The Random Forest (RF) is an ensemble of decision trees. A decision tree is a non-parametric supervised learning method that can summarize the decision rules from a series of data with features and labels, and use the structure of the tree to present these rules to solve classification and regression problems [26]. The solution of decision trees is comprehensible, and it is possible to identify the contribution of each input feature to the classification or regression model. Random forest models were recently used to predict the pile drivability [26], estimate geotechnical parameters [24] and, notably, the undrained shear strength [6]. Figure 5c shows an example of a decision tree with two splits for an ML model with two input features and three targets. The first line of the node provides the decision function; the second line provides the Gini impurity, which represents the probability of a random datapoint being classified as wrong and indicates the quality of a split (0.0 is best case; 1.0 is worst case). The third line indicates the number of samples which are observed in the node. The fourth line provides the final classification of the observed samples. The last line provides the most common resulting class, which was observed in the node [20].
The hyperparameter settings and input features of the applied machine learning models for this study are described in the following sections. All models are built on a MacBook Pro 13” 2018 (CPU: INTEL core i5 2.3 GHz quad core, RAM: 8 GB, GPU: Intel Iris Plus Graphics 655 1536 MB) using the SPYDER python environment. The Machine Learning algorithms used are part of the open-source-software library of scikit-learn [20].

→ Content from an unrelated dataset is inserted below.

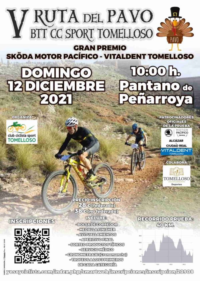 La V Ruta del Pavo BTT el domingo 12 de diciembre a las 10 horas organizado por el Club Ciclista Sport Tomelloso. Con la colaboración de la concejalía de Deportes del ayuntamiento de Tomelloso (Ciudad Real). Esta prueba es para participantes a partir de los 18 años. La que se llevará a cabo en el pantano de Peñarroya.

2.3.1. Support Vector Machine

The evaluated Support Vector Classifier (SVC) uses a linear kernel function in order to keep training times low. A change in the kernel was investigated and showed that, for this interpretation, a radial basis function does not significantly improve the prediction accuracy but considerably increases the necessary learning time. The SVC models targeting soil classes based on grain size distribution (Oberhollenzer_classes) are evaluated without further hyperparameter modifications. The training and evaluation of SVC models targeting soil behavior types were cancelled due to the long necessary training time (compared to the other models), which exceeded 24 h. In contrast, the training times of ANN and RF models are within a few minutes. Table 3 shows the originally planned models for the support vector classifier. However, as stated above, only the two models for Oberhollenzer_classes are further analyzed and compared to the Artificial Neural Network and Random Forest models.
The influence of class balance on the model quality was considered by setting the hyperparameter “class_weight” to ‘balanced’. Then, the penalty size for wrong predictions is assigned with respect to the amount of data in each class. This leads to a higher penalty for wrong predictions in minority classes. The evaluation of the obtained results shows that, in the considered problem, the overall performance of the SVM models does not increase when considering the class balance with the hyperparameter “class_weight”. Sampling algorithms are not used for the SVM models.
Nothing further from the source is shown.